## Aim of the task:
Here the job is to repeat the listing exactly, but not the pictures in it.

## Dataset section:
──────────────────────────────

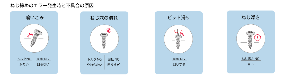 ねじ締めの不具合は、締め付けトルクやねじ回転量、ねじ浮きの異常によって発生します。
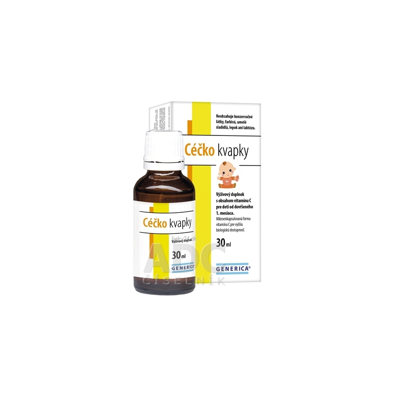 Výživový doplnok s obsahom vitamínu C pre deti od dovŕšeného 1. mesiaca. Céčko kvapky obsahujú vitamín C vyrobený technológiou mikroenkapsulácie.
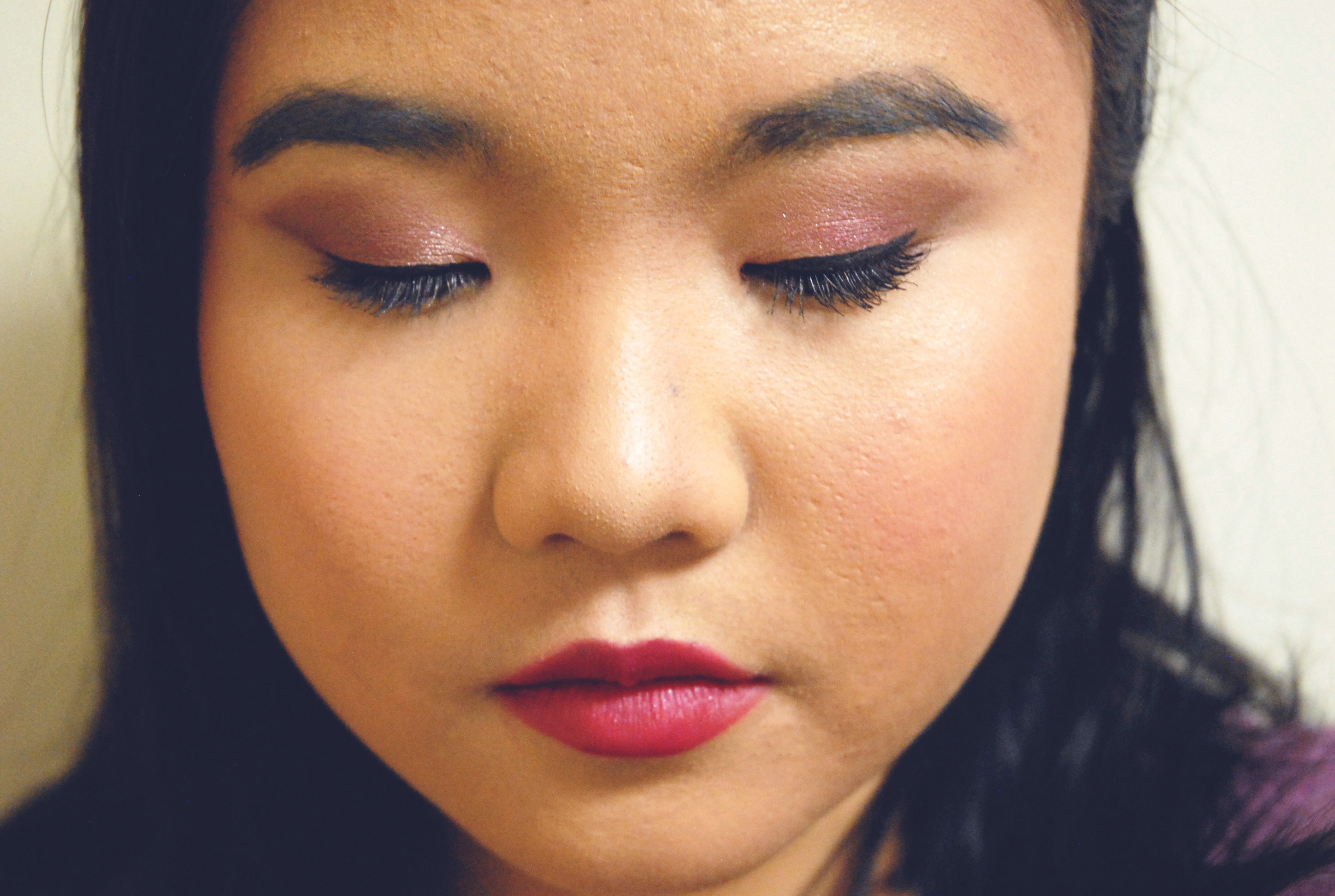 Hello, lovelies! I am sorry for being away so long, unannounced. I meant to put something up and explain my absence, but life and school got in the way for these past few weeks, so please forgive me. Anyhow, 2015, huh? How about that? Being a New Year, I found it only appropriate to talk about Pantone’s Color of the Year. For the past few decades or so, Pantone has hand-picked a shade which would set the tone for trends in design, fashion, and other visual and creative fields, and as you may already know, for 2015, the color is Marsala. Marsala is a wine-toned red shade with a brown undertone base and with that in mind, I attempted to put together a look that incorporated this color using a few drugstore products and things I already had. However, as I used things from the drugstore, I could not swatch them therefore some of the colors are not as perfectly matched as I would have hoped. Nonetheless, Marsala’s signature that sets it apart from other wine colors is the brown undertone, giving it a rich earthiness that was popular in the 90s. I tried to keep that in mind when putting together this look despite those few bumps, so without further ado, here is my pass at Marsala for 2015!

──────────────────────────────

## Solution to this exercise:
 ねじ締めの不具合は、締め付けトルクやねじ回転量、ねじ浮きの異常によって発生します。
 Výživový doplnok s obsahom vitamínu C pre deti od dovŕšeného 1. mesiaca. Céčko kvapky obsahujú vitamín C vyrobený technológiou mikroenkapsulácie.
 Hello, lovelies! I am sorry for being away so long, unannounced. I meant to put something up and explain my absence, but life and school got in the way for these past few weeks, so please forgive me. Anyhow, 2015, huh? How about that? Being a New Year, I found it only appropriate to talk about Pantone’s Color of the Year. For the past few decades or so, Pantone has hand-picked a shade which would set the tone for trends in design, fashion, and other visual and creative fields, and as you may already know, for 2015, the color is Marsala. Marsala is a wine-toned red shade with a brown undertone base and with that in mind, I attempted to put together a look that incorporated this color using a few drugstore products and things I already had. However, as I used things from the drugstore, I could not swatch them therefore some of the colors are not as perfectly matched as I would have hoped. Nonetheless, Marsala’s signature that sets it apart from other wine colors is the brown undertone, giving it a rich earthiness that was popular in the 90s. I tried to keep that in mind when putting together this look despite those few bumps, so without further ado, here is my pass at Marsala for 2015!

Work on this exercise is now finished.